Learnt to bake a cake.
Learning to read, write and share.
Pictures of that moment you spent with family.
A great day out
Forever captured in a photograph
Freezing that moment into your mind.
Making it live on in your mind.
In your heart.
Living forever in memory
That moment frozen in any number of photographs.
Just waiting to be brought back to life.
Reminders of the sounds, smells and tastes.
How you felt being around your tribe
Panoramas don’t work well on boats
I tried it because it was fun, my phone pink like our cheeks on the front of the boat. The bow? Starboard? For a girl raised near the ocean, I knew stunningly little about boats. I guess I had alwasy preferred to swim.
It was a wild country, in the fact that no one had bothered to tame it, not that it refused to be tamed--and we felt that same way.
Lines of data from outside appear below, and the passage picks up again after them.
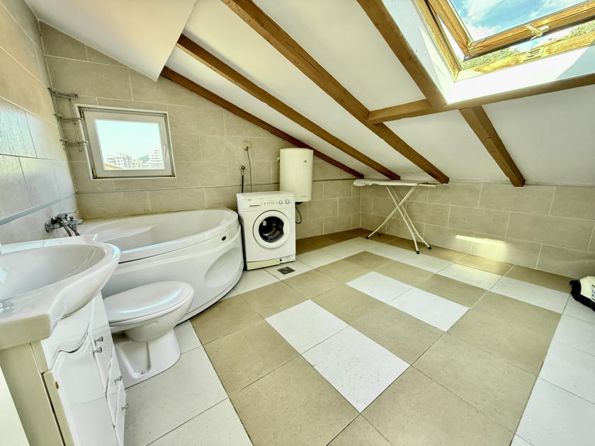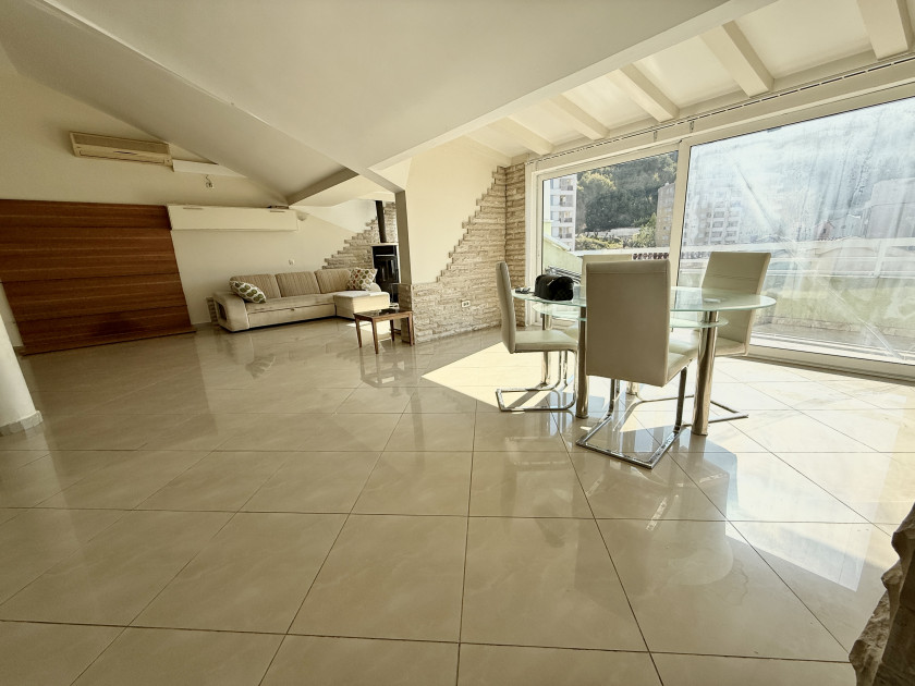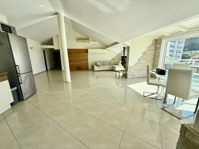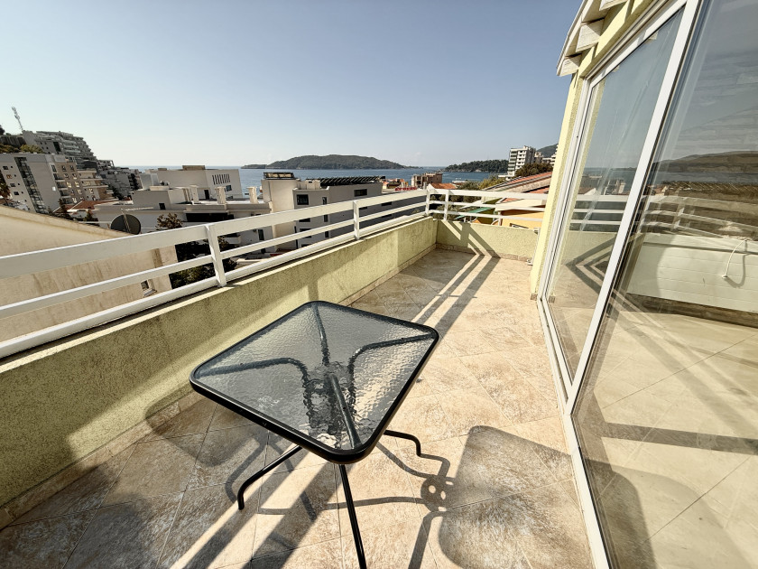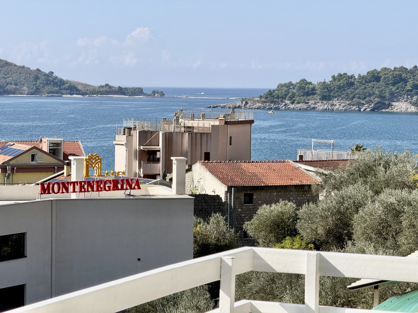 Opis: Rafailovići #7456. Dvosoban stan sa pogledom na more i planine u Rafailovićima, 200 metara od mora, na prodaju. Ukupna površina: 107 kvadratnih metara. Velika terasa sa pogledom na more i planine, sunčana južna strana. 6. sprat, lift. 200 metara od mora.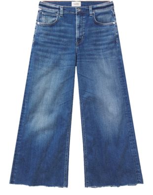 Discover Citizens's Lyra wide leg jeans, crafted from luxurious denim, featuring a high-waisted fit for a flattering silhouette. With ankle length and wide cut, these jeans offer both style and comfort. The buttoned zipper closure, paired with fringe details and dual pockets, adds a modern twist.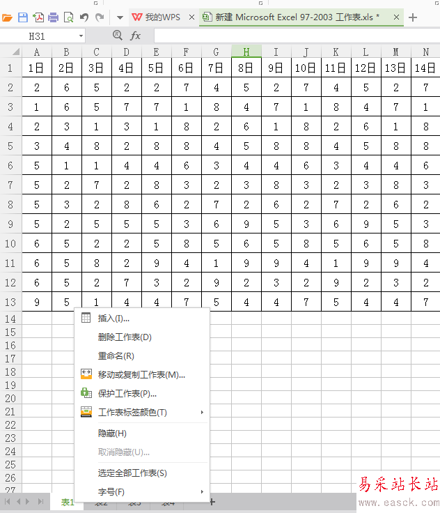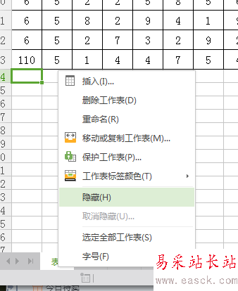 然后你再使用【選定全部工作表】命令,對(duì)剩下的三張表進(jìn)行更改。更改完了之后再隨便選擇一張表右鍵【取消隱藏】。你會(huì)發(fā)現(xiàn)其他三張表數(shù)據(jù)都被你更改了,而表1的原始數(shù)據(jù)沒(méi)有任何變化。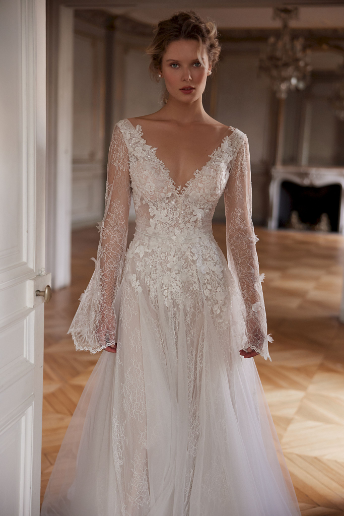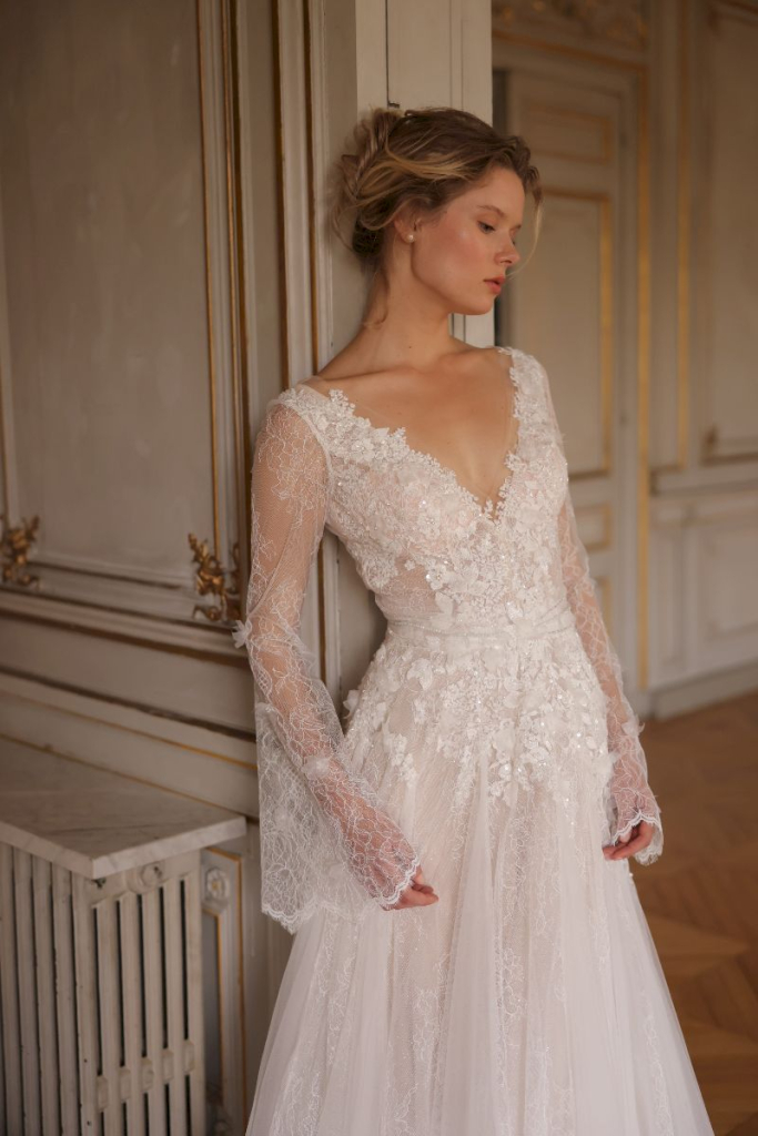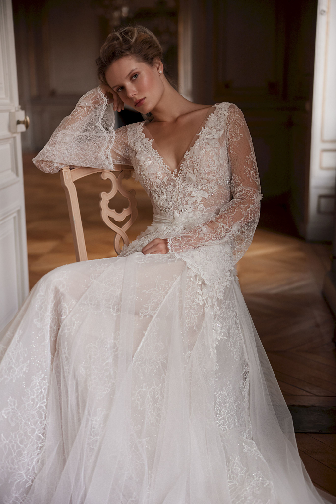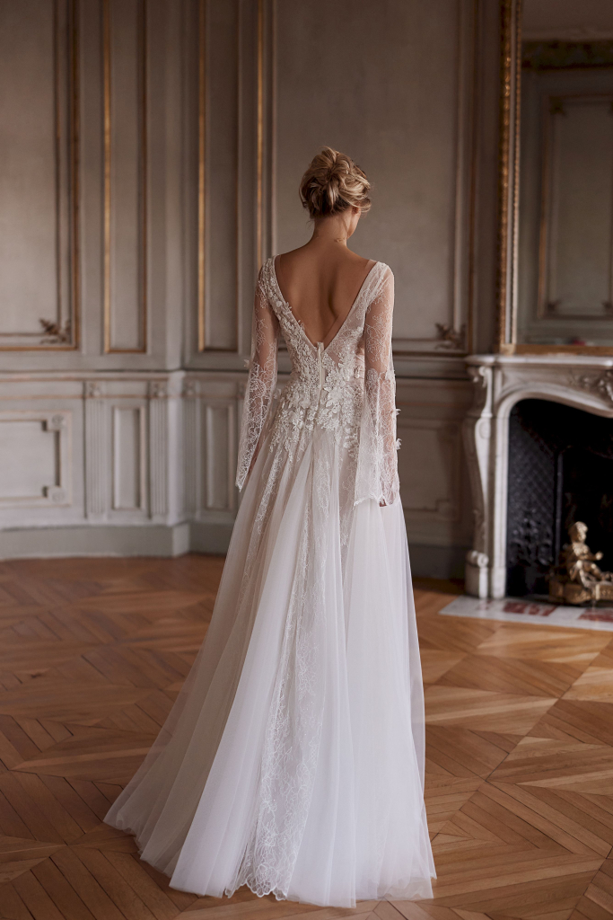 Rochia de mireasă A-line Shenon este o adevărată operă de artă, realizată din dantelă Chantilly delicată, care adaugă un aer romantic și sofisticat. Tulle-ul moale îmbrățișează silueta cu grație, creând o senzație de visare. Aplicatiile ofera un accent de eleganță, în timp ce broderia cu mărgele strălucește subtil, aducând un plus de strălucire. Detaliile cu paiete și perle completează acest design rafinat, iar cristalele adaugă o notă de magie. Întreaga rochie este îmbrăcată într-o nuanță de ivory, care emană puritate și frumusețe, făcând din fiecare mireasă o adevărată divă în ziua cea mare.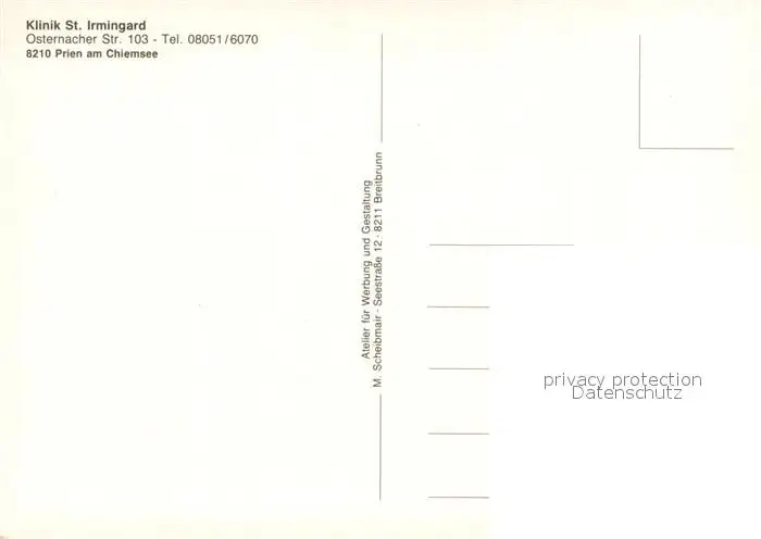 Prien_Chiemsee Klinik St. Irmingrad Alpenblick Prien Chiemsee postalisch nicht gelaufen nach 1965 Erhaltung siehe scans [FriedD77] Frierer

We were on a boat, headed to the Arctic Circle and even the boat nodded "yes, yes, yes" as it bobbed up and down beneath our feet.
Trying to take in the emensity of that country went about as well as I thought it would. Panoramas don't work well on boats; the railing of the boat in the picture turned out to be disjointed and hilarious. We laughed at my attempt for serveral seconds, before returning our gaze to the high mountians, the choppy water and the pleasure of firm ground beneath our feet that still bucked and tipped like any good pirate ship could.
Truth be told, it wasn't a pirate ship, but we were headed to the Arctic Circle and Iceland wasn't a country but a feeling. It refused to be tamed--it was itself. Though we were on our way to adventure at the tip of the world, the ferry itself had tv screens that showed the picks for the icelandic national soccer team for the world cup. As my sister and I puked and filled six paper bags, the kind captian of the boat came down from where he sat on the stormy seas to clean up after us, and to give us more of the paper bags.
We used the clean bags, later, to store cheese as we toured the country that refused to be summed up in a picture, that was too emense for memories, but that still picked soccer teams and had a ship captain who sailed into the Arctic Circle enough that he could leave his helm to clean up after two adventurous girls.